> [Exercise description]: Could you restate word for word each line from the top of the listing below through the line containing "- Give atropine"? Keep the pictures out.

> [Task data]:
+++++

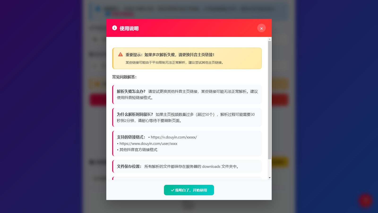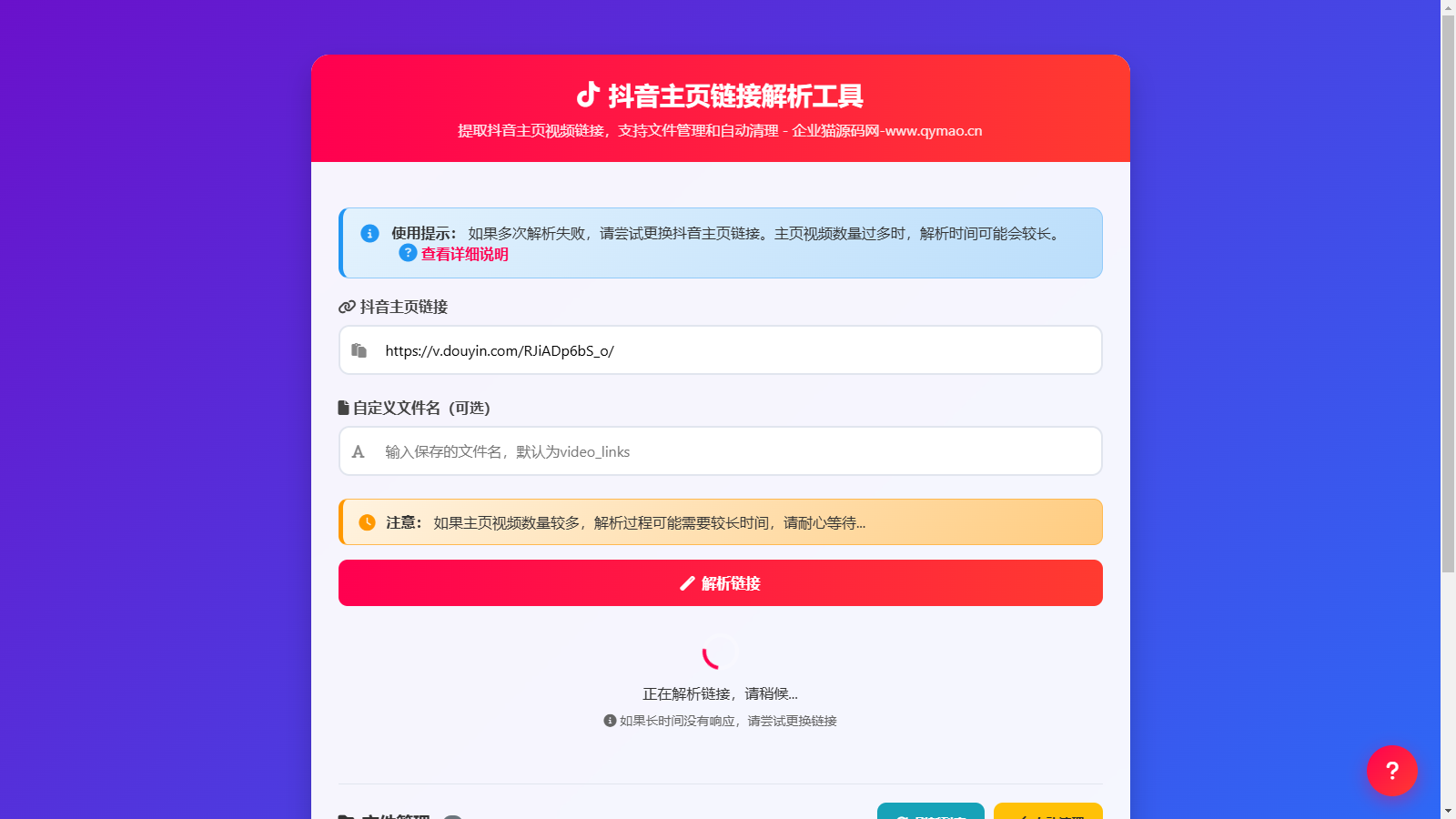 专为内容创作者设计的抖音主页视频链接解析工具,支持批量提取抖音主页所有视频链接,提供便捷的文件管理和自动清理功能。
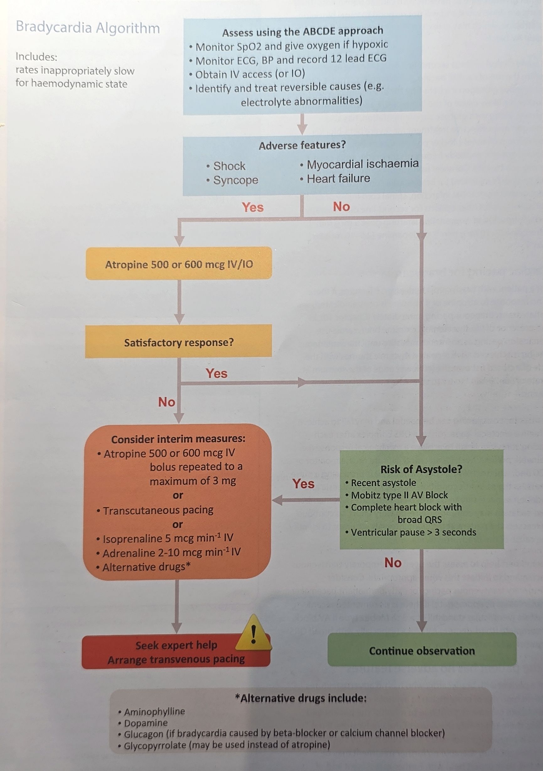 - Give atropine 500mcg IV rapid bolus and if necessary repeat every 3-5 minutes to a total of 3mg (doses of atropine given slowly or of <500mcg can cause paradoxical slowing of the heart rate
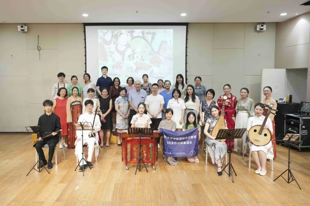 Come evening, the long-anticipated Chinese classical music appreciation event unfolded. Dr. Shi Jian, the Dean of the Ya Department Research Institute, led traditional music teachers in delivering a captivating Chinese string and woodwind performance to the European Chinese teachers. Starting with the flute, Dr. Shi introduced various Chinese traditional musical instruments to the audience. The flute, symbolizing the first breath of human civilization 9,000 years ago, and the rich array of string and woodwind instruments, showcased the rich heritage and evolution of Chinese musical instruments over centuries. Each note resonated across the hall, echoing the ancient sounds of China, transcending time and space, and providing a profound cultural experience to the European educators.
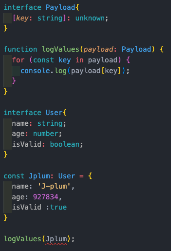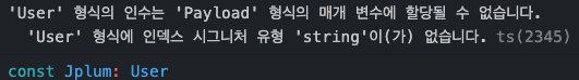 Payload는 인덱스 가능한 타입의 구조이지만 User는 그렇지 않습니다.
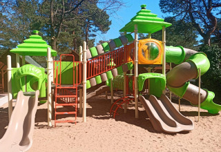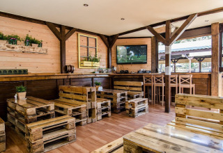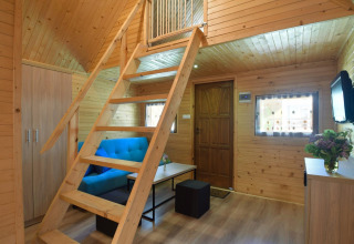 Tu acogedora cabaña de madera está pensada para relajados días de playa y largas noches de verano. Afuera tienes una terraza cubierta con un juego completo de muebles de jardín: perfecto para tu café de la mañana, un almuerzo ligero o una copa de vino después del atardecer. En el interior, la planta baja ofrece una luminosa sala de estar con TV y un cómodo sofá cama doble. La cocina americana tiene todo lo necesario para cocinar algo sencillo durante las vacaciones, y en este nivel también hay un baño con ducha.

+++++

> [Solved problem]:
 专为内容创作者设计的抖音主页视频链接解析工具,支持批量提取抖音主页所有视频链接,提供便捷的文件管理和自动清理功能。
 - Give atropine 500mcg IV rapid bolus and if necessary repeat every 3-5 minutes to a total of 3mg (doses of atropine given slowly or of <500mcg can cause paradoxical slowing of the heart rate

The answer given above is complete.